Advance Auto does, if you want locally. I just recently bought some from Rock Auto, super cheap.

TooFast4Radar
09-11-2010, 03:04 PM
I always go to OEM on those sensors. They might cost a little more, but you know they are right and they're plug-n-play.

DocWalt
09-11-2010, 03:08 PM
Rock Auto sells the OEM sensors, which is why I went with them the second time around. Advance sells Bosch. Both plug and play.

Chris GTO TT
09-11-2010, 03:15 PM
Isnt OE bosch anyways?

DocWalt
09-11-2010, 03:18 PM
Pretty sure it's Denso.

Chris GTO TT
09-11-2010, 03:25 PM
yeah found the denso ones on amazon for 96.46 gunna order em.

DocWalt
09-11-2010, 03:37 PM
I just paid under $50 for one from rock auto...

Chris GTO TT
09-11-2010, 03:48 PM
DENSO Part # 2344887 $118.99 on RockAuto, $96.46 on Amazon
DENSO Part # 2344886 $126.79 on RockAuto, $97.97 on Amazon

DocWalt
09-11-2010, 04:19 PM
Weird. Does the 1G use different sensors? My front O2 would have been something like $35 from Rock Auto.

Chris GTO TT
09-11-2010, 04:37 PM
From what i was seeing only the 91 and 92 cars used those part numbers so it must be.

DocWalt
09-11-2010, 04:42 PM
Didn't know that.

Chris GTO TT
09-11-2010, 04:50 PM
Yeah it was news to me too

DocWalt
09-11-2010, 04:54 PM
Weird, I can't "thank" you here.

B-Man
09-11-2010, 06:11 PM
22mpg really isn't that bad. It's about what I got going to UMG which was a whole tank of highway driving. What pressure/turbos are you running?

NG in TN I got 13mpg with city/racing :lol:

Chris GTO TT
09-11-2010, 06:45 PM
Only mods on the car are: intake, downpipe, and boost controller set to 13-15psi depending on my mood.

Drweldin
09-11-2010, 08:58 PM
Have you inspected your ECU board? That would be the first place I'd look...

Chris GTO TT
09-11-2010, 11:41 PM
Yes its clean and new capacitors soldered in about a year ago.

RealMcCoy
09-11-2010, 11:51 PM
I had one with similar symptoms that turned out to be low voltage to the fuel pump on the low load (resisted) setting. It would lean out just before the relay switched, then come back alive after it switched.

I never bothered to figure out why, it was getting a hotwire anyway, which fixed the problem completely...

MaxClass
09-12-2010, 08:02 PM
Just replaced both front and rear on my Fiances '93 Stealth RT Twin last weekend. It had failed smog on Saturday, replaced them Sunday morning and took it in again and it passed.

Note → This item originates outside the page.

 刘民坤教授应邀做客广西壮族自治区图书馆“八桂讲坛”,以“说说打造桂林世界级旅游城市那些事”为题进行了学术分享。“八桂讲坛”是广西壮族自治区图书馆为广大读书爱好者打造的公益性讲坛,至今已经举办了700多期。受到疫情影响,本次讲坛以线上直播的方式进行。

Bought both front and rear at Auto Zone for about $68.00 each manufactured by Bosch. By the way. Auto Zone's computer shows that all generations of Stealths have four sensors but you only need two on years 91 through 93 for certain.

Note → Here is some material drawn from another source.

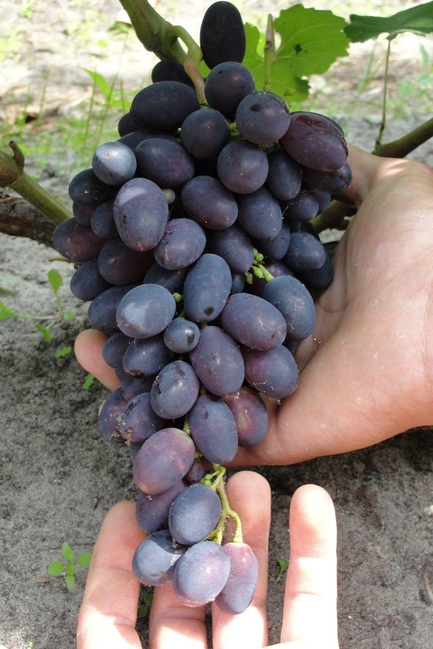 Плодоносить начинает на 2-й год после посадки или прививки, лоза вызревает быстро. Отличный столовый сорт, имеет умеренно «набитые» грозди, средний вес которых составляет около 0,6 кг, могут достигать массы в 1 кг, при этом имеют презентабельный товарный вид. Сами ягоды крупные, вытянутой формы, достигают 3 см в длину и имеют 7 г веса. Темные, с почти фиолетово-черным окрасом ягоды покрыты густым восковым налетом. При созревании ягоды не растрескиваются.

The front one is Bosch part number 13801 and the rear one I used [because they did not have the factory wired one] is a universal one part # 15733 that has what they call a SmartLink Kit that adapts the wires to you OEM plug end. Took a little figuring out on the wires but was otherwise quite simple.

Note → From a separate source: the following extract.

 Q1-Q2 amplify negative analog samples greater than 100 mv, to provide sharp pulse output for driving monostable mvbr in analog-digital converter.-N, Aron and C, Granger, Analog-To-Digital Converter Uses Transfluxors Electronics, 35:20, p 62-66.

Bottom line: It worked perfectly.

MaxHints:

Auto Zone rents [$25.00 refunded when you return them] a set of crows feet adapters to fit over the wires to remove the O2 sensors. Replaced the front one first by only removing the section of flex IC pipe and the front exhaust heat shield [3 bolts]. Slipped the 7/8" short crows foot on the O2 sensor with the extension flange facing downward. Could not get anything on it to turn it so I held it in place with a long screwdriver and set my breaker bar on top of the flange so I could drive it downward to loosen it by hitting the other end of the breaker bar with a large rubber mallet. After about the third hit it came loose. A couple of readjustments of the crow foot and I was able to remove it by hand. Make sure you use some type of anti-sieze on the threads [I used my ARP Ultra Torque, great stuff]. Could not find a way to tighten it once I got it screwed in by hand. My Fiance looked at it and said it looks like you can get to it from underneath so I jacked up the front, put a jack stand under it and crawled under and sure enough you can reach it fine with a 7/8" box open end. Tightened it up easily. Jeff Lucius' site shows removing tons of stuff to get to it but I can testify that you only need to do the above to do it.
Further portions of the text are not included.